Si no fuera porque viniste con Shen Bingqian, ya te habría mandado a volar de una patada.

—Grandulón, ¿quieres patearme?

—Jiang Xiaobai levantó la vista, con una sonrisa fría en el rostro—.

Entonces, ¿por qué te contienes?

¡Hazlo, patéame!

Bajo la provocación de Jiang Xiaobai, Zhang Kai, que normalmente hacía lo que le daba la gana, no pudo contener su ira.

Levantó el pie en alto y apuntó una patada a la cara de Jiang Xiaobai.

Un borrón pasó ante sus ojos, y el Jiang Xiaobai que estaba frente a Zhang Kai había desaparecido.

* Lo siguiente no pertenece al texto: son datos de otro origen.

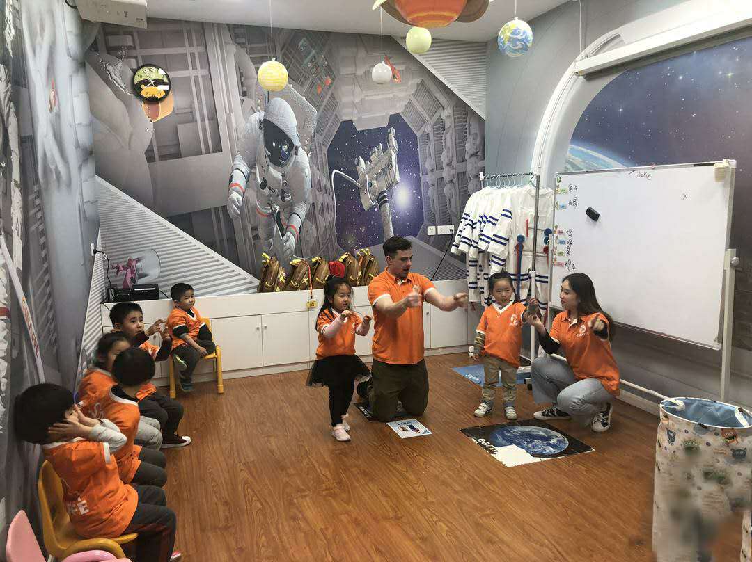 陈艺秦在英语培训机构授课中,右一为陈艺秦

—¡Hermano Kai, está detrás de ti!

Un compañero que jugaba al baloncesto le avisó a Zhang Kai.

Justo cuando Zhang Kai estaba a punto de darse la vuelta, recibió una sólida patada en el trasero y cayó de bruces al suelo.

—¡Hermano Kai!

Varios compañeros de equipo vieron caer a Zhang Kai e inmediatamente corrieron hacia él, levantándolo del suelo.

Al incorporarse, Zhang Kai intentó abalanzarse sobre Jiang Xiaobai, pero sus amigos lo sujetaron.

—¡Soltadme!

¡Voy a matar a este chico a golpes!

Zhang Kai era como un león furioso atrapado en una jaula, y si sus amigos no lo hubieran estado sujetando, ya se habría abalanzado.

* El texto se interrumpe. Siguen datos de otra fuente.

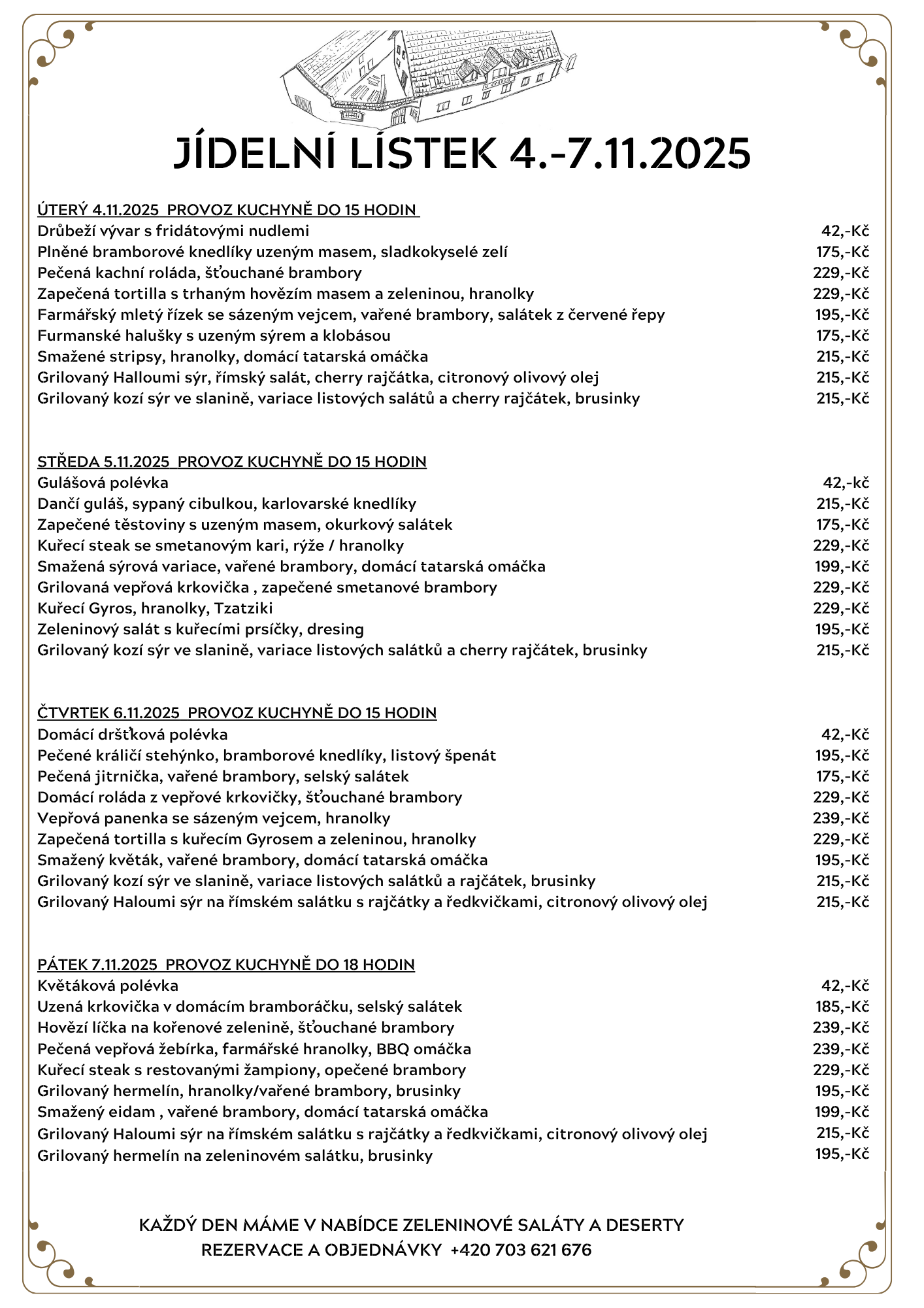 Provoz kuchyně úterý, středa, čtvrtek, neděle 11 - 15 hodin. Pátek a sobota 11- 18 hodin.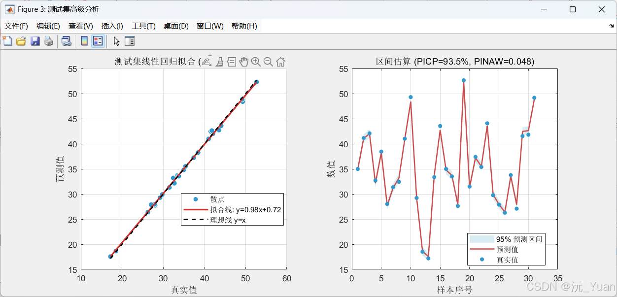 | 右图 | 预测区间阴影图(真实值 vs 预测值 vs 95%区间) | PICP是否达标,区间宽窄是否合理 |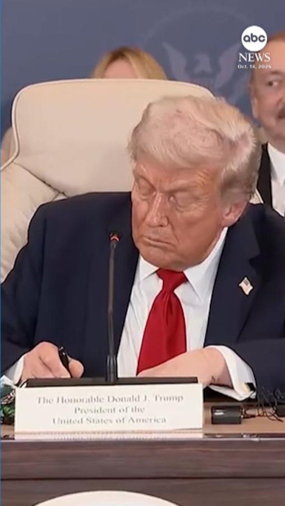 El presidente Trump asistió a una ceremonia de firma en la cumbre de paz en Sharm el-Sheikh, Egipto, que marcó la primera fase del acuerdo de alto el fuego entre Israel y Hamás.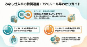 • 事業場ごとの区分 「事業場ごとに一の種類の事業のみを行っている事業者」については、その事業場単位で売上を区分する方法も認められています。例えば、A支店では卸売業(第一種)のみ、B支店では小売業(第二種)のみを行っている場合、支店ごとの売上を集計すれば、それがそのまま事業区分となります。ただし、一つの支店内でも店頭での小売(第二種)と、そこからの卸売(第一種)が混在している場合は、事業場ごとの区分は適用できず、取引ごとの区分が必要になる点に注意してください。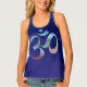 The Sanskrit symbol Om colored in a combination of blues, greens and hints of pinks and purples on top of a blue Monochrome Tie dye background.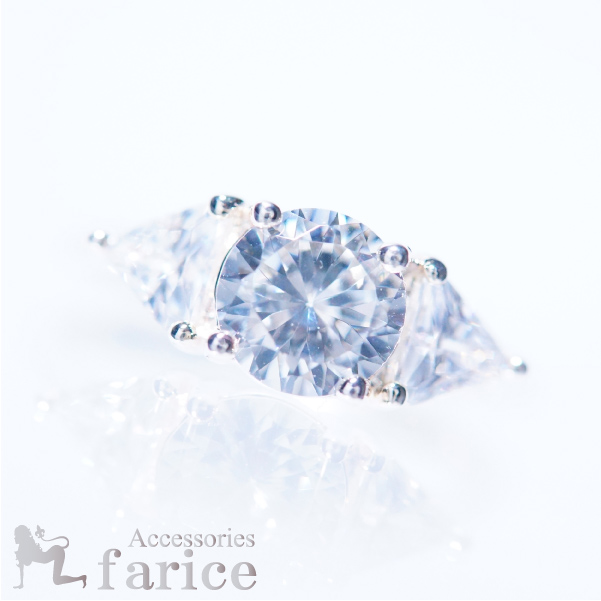 ◆商品のサイズ◆ 縦約7mm 横約20mm 高さ約24mm 重さ約1.7g ◆素材◆シルバー925◆商品のコメント◆ センターとサイドに配置されたホワイトジルコニアは石のカットが異なるため光の反射が変化してとても綺麗に輝きます。どの角度から見てもジルコニアがキラキラとした輝きを放つとっても綺麗なリングです。

—Hermano Kai, cálmate, ¿quieres?

Este chico es el del video que se ha hecho viral en el campus hoy, ¡míralo bien y compruébalo tú mismo!

Se encargó de esos quince brutos del instituto de deportes y les bajó los humos.

¿Crees que puedes ganarle en una pelea?

Alguien le susurró unas palabras al oído a Zhang Kai, y este finalmente se calmó.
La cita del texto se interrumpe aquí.